In seiner Rede zitierte Gauland auch mit grossem Vergnügen aus der Weltwoche die ehemalige Grüne Antje Hermenau. Die sass 25 Jahre für die Grünen im Bundestag und im sächsischen Landtag und sagt heute: «Dann kam die Finanzkrise, und plötzlich hatte es haufenweise Geld für die Griechen, die sich in die EU hineinbetrogen hatten. Und heute die Flüchtlinge: Die bekommen Geld, ohne zu arbeiten. Das empfinden die Leute als ungerecht. Zu Recht!»

TE 06/2018
Boris Palmer: „Die Nazikeule zieht nicht mehr“
Also selbst Politiker, denen man mit dem schlechtesten Willen nicht vorwerfen kann, angebräunt zu sein, benennen Probleme, die die Menschen in Deutschland umtreiben. Und dazu gehört sicherlich nicht, ab wann das Wort «Hetzjagd» verwendet werden darf und wann nicht und ob einer entlassen gehört, wenn er die Verwendung bezweifelt. Und alle diese deutschen Bürger, die in Umzügen mitmarschierten, in denen einige unverbesserliche Hohlköpfe den Hitlergruss zeigten und dummes Zeugs grölten, sehen sich nun als Nazis beschimpft. Genau wie Gauland im Deutschen Bundestag.

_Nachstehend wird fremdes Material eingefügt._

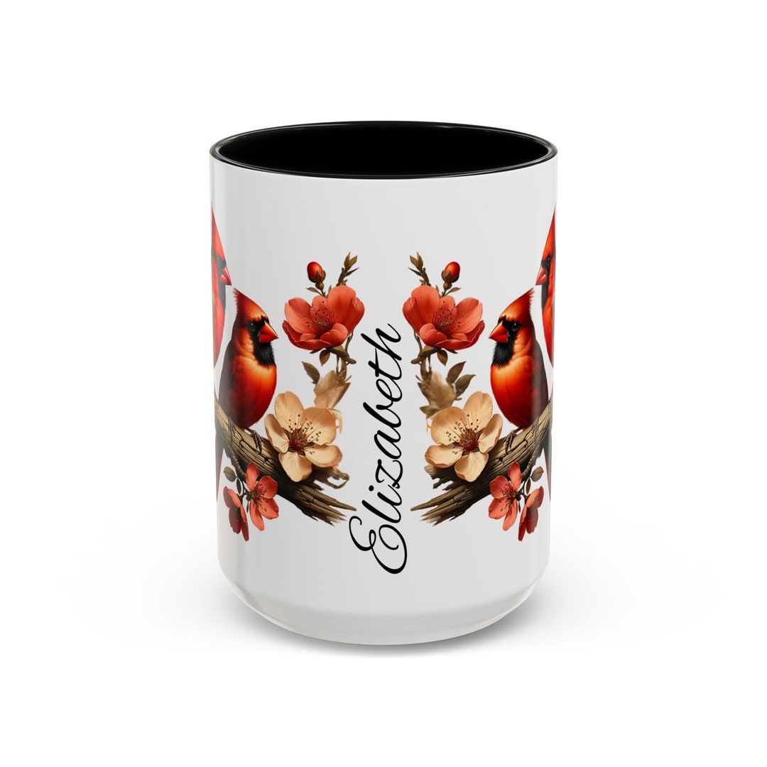 Personalized Cardinal Coffee Mug Cardinals Design Perfect Gift for Bird Lovers Custom Name Floral Mug Unique Home Decor Gift for Her Nature by 3DCandleCreations

Nach Schulz legte noch ein weiterer SPD-Abgeordneter nach, zur AfD-Fraktion gewandt: «Schauen Sie in den Spiegel, dann wissen Sie, was diese Republik in den Zwanzigern und Dreissigern ins Elend geführt hat.» Also Gauland als der neue Führer, die AfD als die Nachfolgeorganisation der NSDAP. Dass die Masseneinwanderung in Deutschland auch braunen Schlamm aufgewühlt hat, ist genauso unbestreitbar wie die Tatsache, dass die AfD sich nicht genügend dezidiert von diesem Sumpf distanziert. Aber ihr Erfolg als Protestpartei liegt in erster Linie darin begründet, dass sie solche Sorgen der Bevölkerung artikuliert und nicht denunziert oder unter den Generalverdacht des Faschismus stellt.

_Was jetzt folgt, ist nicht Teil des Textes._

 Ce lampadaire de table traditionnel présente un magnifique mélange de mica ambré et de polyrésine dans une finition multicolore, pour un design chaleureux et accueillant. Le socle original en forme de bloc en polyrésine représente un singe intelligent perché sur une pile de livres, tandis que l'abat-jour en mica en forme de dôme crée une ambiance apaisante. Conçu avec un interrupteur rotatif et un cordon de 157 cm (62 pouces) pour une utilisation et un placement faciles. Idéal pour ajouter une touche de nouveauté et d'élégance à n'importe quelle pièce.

Dass sich ausgerechnet die SPD im schrillen Ton vergreift, ist kein Zufall. Nicht nur die ehemalige Grüne Hermenau sieht das Versagen der Regierungsparteien: «Aus Berlin kommen bekloppte Durchhalteparolen» wie vor dem Ende der DDR. Die SPD greift zu besonders schrillen Tönen, weil sie noch mehr als die CDU befürchten muss, als Volkspartei abgedankt zu haben.

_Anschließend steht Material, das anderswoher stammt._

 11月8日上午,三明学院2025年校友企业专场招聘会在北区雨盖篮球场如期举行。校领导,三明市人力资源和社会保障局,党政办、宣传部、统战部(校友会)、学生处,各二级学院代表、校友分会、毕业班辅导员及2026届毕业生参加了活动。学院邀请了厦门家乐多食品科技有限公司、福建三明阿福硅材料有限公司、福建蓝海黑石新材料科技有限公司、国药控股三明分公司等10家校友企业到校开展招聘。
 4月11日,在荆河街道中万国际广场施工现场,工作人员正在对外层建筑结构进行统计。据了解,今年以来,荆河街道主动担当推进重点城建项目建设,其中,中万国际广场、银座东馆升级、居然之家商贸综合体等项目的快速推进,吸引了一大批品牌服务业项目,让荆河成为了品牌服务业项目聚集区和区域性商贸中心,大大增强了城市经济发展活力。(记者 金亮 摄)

So ist die AfD laut neusten Meinungsumfragen in Deutschland in der Wählergunst bereits vor der SPD, in der ehemaligen DDR ist sie sogar die stärkste Partei.

Die Nazikeule zu schwingen und im Bundestag jegliche Hemmungen fallen zu lassen, wie ein Hahn auf dem Mist zu krähen, das wird die einstmals stolze Arbeiterpartei nicht retten.